▶ ABOUT THIS TASK: Reproduce the opening lines of the records exactly, please, stopping after the line that contains "Proses ini juga".

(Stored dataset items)
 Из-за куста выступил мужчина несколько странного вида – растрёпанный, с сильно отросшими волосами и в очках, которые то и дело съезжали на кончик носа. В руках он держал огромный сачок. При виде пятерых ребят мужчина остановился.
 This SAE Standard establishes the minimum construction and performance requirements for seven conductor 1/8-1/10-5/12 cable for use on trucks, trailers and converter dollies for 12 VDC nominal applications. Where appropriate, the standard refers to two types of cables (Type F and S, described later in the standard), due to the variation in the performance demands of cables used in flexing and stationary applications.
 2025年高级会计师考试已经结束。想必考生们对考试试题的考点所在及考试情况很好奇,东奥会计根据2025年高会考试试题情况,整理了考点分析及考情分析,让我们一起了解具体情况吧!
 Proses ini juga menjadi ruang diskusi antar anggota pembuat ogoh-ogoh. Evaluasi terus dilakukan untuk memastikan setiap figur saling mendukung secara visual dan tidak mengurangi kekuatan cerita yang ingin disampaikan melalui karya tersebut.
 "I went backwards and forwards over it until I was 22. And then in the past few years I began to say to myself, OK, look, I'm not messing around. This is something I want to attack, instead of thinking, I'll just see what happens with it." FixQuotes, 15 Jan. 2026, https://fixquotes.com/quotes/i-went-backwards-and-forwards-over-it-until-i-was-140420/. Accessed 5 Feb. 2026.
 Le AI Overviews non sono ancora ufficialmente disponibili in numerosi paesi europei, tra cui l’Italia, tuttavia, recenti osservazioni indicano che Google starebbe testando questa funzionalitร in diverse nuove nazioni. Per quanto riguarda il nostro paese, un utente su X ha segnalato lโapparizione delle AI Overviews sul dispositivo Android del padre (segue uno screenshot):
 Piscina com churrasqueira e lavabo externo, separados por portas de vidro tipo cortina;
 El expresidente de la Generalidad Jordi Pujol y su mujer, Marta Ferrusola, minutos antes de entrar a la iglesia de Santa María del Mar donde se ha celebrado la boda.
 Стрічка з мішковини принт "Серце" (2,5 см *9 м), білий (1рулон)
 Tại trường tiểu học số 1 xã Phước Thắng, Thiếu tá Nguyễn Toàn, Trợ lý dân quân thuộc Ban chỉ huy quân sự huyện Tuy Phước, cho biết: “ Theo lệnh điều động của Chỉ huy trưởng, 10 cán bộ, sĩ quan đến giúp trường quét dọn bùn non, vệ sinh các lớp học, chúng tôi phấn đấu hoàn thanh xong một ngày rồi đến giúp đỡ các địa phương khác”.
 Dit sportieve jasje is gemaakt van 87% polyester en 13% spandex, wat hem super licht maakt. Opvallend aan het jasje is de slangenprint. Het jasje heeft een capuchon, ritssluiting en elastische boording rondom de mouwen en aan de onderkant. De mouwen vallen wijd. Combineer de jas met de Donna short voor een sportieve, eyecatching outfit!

▶ EXERCISE ANSWER:
 Из-за куста выступил мужчина несколько странного вида – растрёпанный, с сильно отросшими волосами и в очках, которые то и дело съезжали на кончик носа. В руках он держал огромный сачок. При виде пятерых ребят мужчина остановился.
 This SAE Standard establishes the minimum construction and performance requirements for seven conductor 1/8-1/10-5/12 cable for use on trucks, trailers and converter dollies for 12 VDC nominal applications. Where appropriate, the standard refers to two types of cables (Type F and S, described later in the standard), due to the variation in the performance demands of cables used in flexing and stationary applications.
 2025年高级会计师考试已经结束。想必考生们对考试试题的考点所在及考试情况很好奇,东奥会计根据2025年高会考试试题情况,整理了考点分析及考情分析,让我们一起了解具体情况吧!
 Proses ini juga menjadi ruang diskusi antar anggota pembuat ogoh-ogoh. Evaluasi terus dilakukan untuk memastikan setiap figur saling mendukung secara visual dan tidak mengurangi kekuatan cerita yang ingin disampaikan melalui karya tersebut.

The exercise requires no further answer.